Advanced Chest X-Ray Analysis via Transformer-Based Image Descriptors and Cross-Model Attention Mechanism
Lakshita Agarwal, Bindu Verma
TL;DR
The paper addresses automatic generation of chest X-ray descriptions by integrating a Vision Transformer based encoder with cross-modal attention and a GPT-4 decoder. The CrossViT-GPT4 architecture grounds visual features to language, achieving state-of-the-art results on IU and NIH chest X-ray datasets across BLEU, CIDEr, METEOR, and ROUGE-L metrics. By combining robust visual representations with a powerful language model, it improves clinical relevance and description quality while highlighting challenges such as data scarcity and image quality. The approach has potential to streamline radiology reporting and support clinical decision making.
Abstract
The examination of chest X-ray images is a crucial component in detecting various thoracic illnesses. This study introduces a new image description generation model that integrates a Vision Transformer (ViT) encoder with cross-modal attention and a GPT-4-based transformer decoder.

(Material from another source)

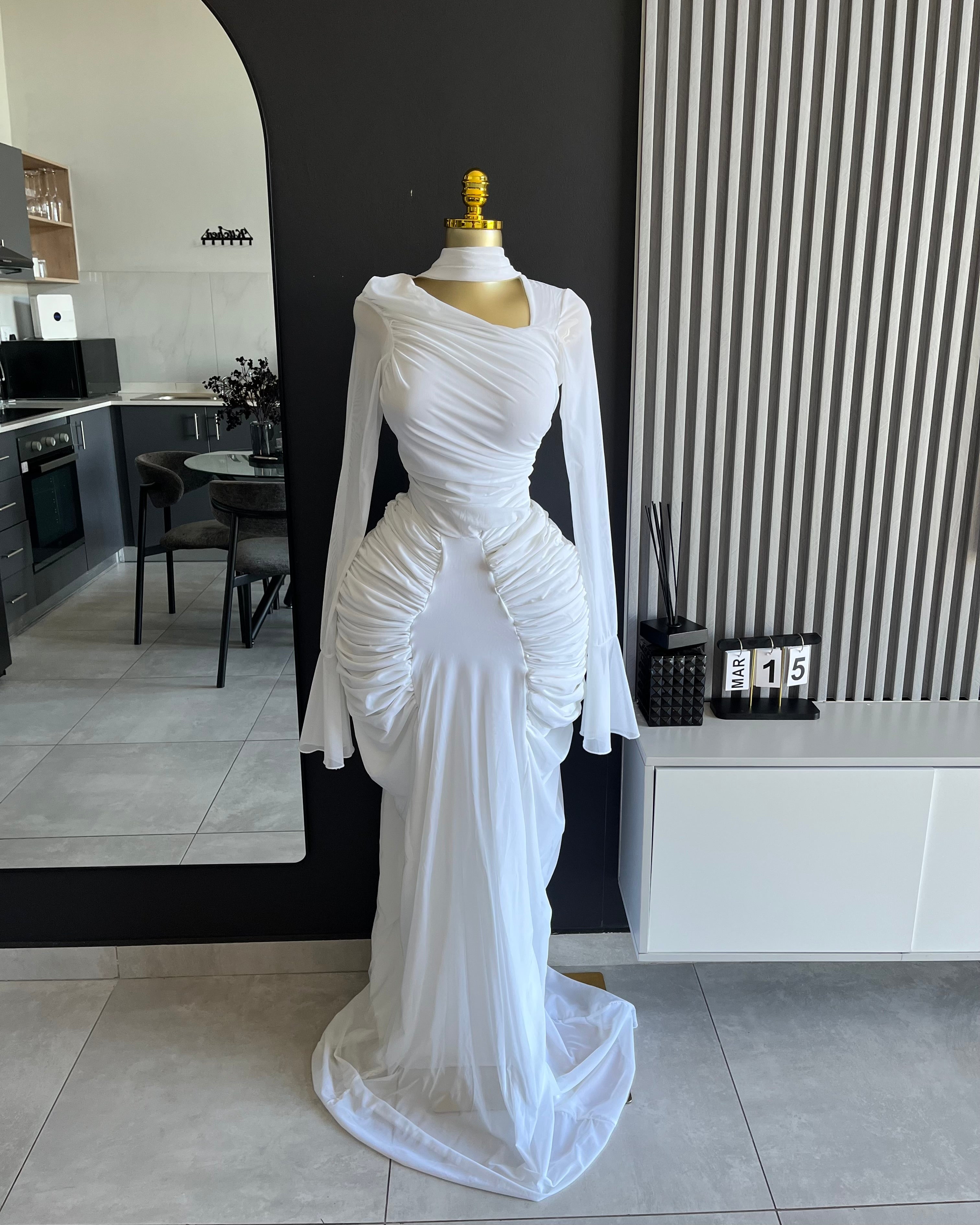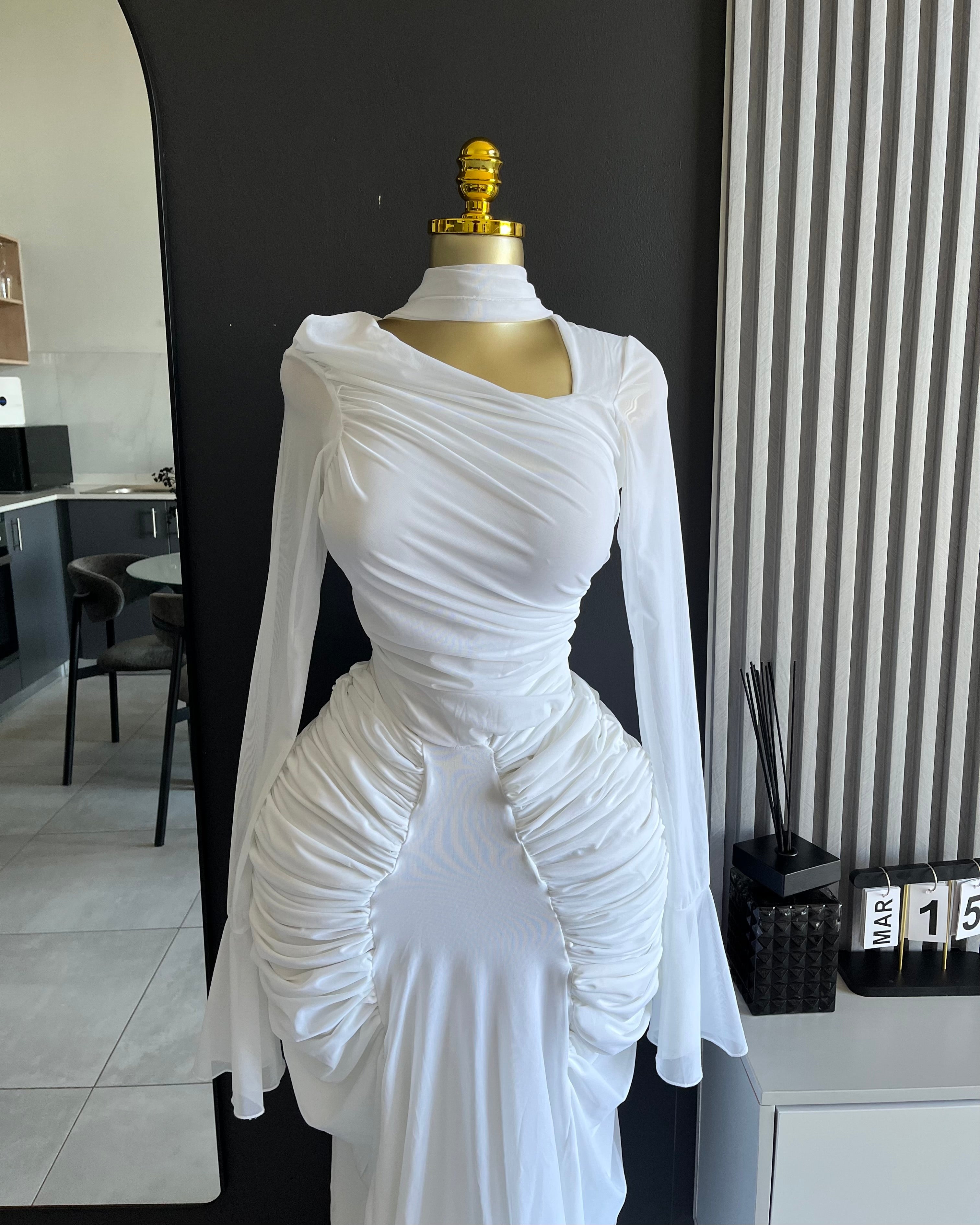 Davina Mesh Illusion Halter Gown White

The ViT captures high-quality visual features from chest X-rays, which are fused with text data through cross-modal attention to improve the accuracy, context, and richness of image descriptions. The GPT-4 decoder transforms these fused features into accurate and relevant captions. The model was tested on the National Institutes of Health (NIH) and Indiana University (IU) Chest X-ray datasets. On the IU dataset, it achieved scores of 0.854 (B-1), 0.883 (CIDEr), 0.759 (METEOR), and 0.712 (ROUGE-L). On the NIH dataset, it achieved the best performance on all metrics: BLEU 1--4 (0.825, 0.788, 0.765, 0.752), CIDEr (0.857), METEOR (0.726), and ROUGE-L (0.705). This framework has the potential to enhance chest X-ray evaluation, assisting radiologists in more precise and efficient diagnosis.